*** DATA EXTRACT

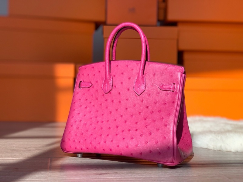 Hermes Birkin 25 爱马仕铂金包 纯手工定制版 鸵鸟皮 玫红色
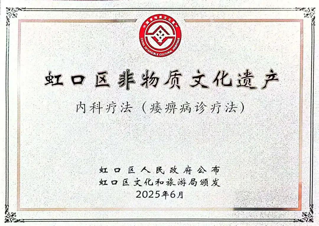 上海市中西医结合医院内科疗法(痿痹病诊疗法)入选虹口区第十批非物质文化遗...
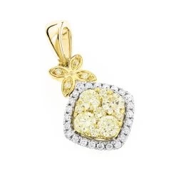 14K White Gold White And Yellow Diamond Ladies Flower Pendant 2.3ct

******

• _WORK ORDER_
From the first line of the material to the last, retype everything exactly except the images.

• _ANSWER BOX_
 Hermes Birkin 25 爱马仕铂金包 纯手工定制版 鸵鸟皮 玫红色
 上海市中西医结合医院内科疗法(痿痹病诊疗法)入选虹口区第十批非物质文化遗...
 14K White Gold White And Yellow Diamond Ladies Flower Pendant 2.3ct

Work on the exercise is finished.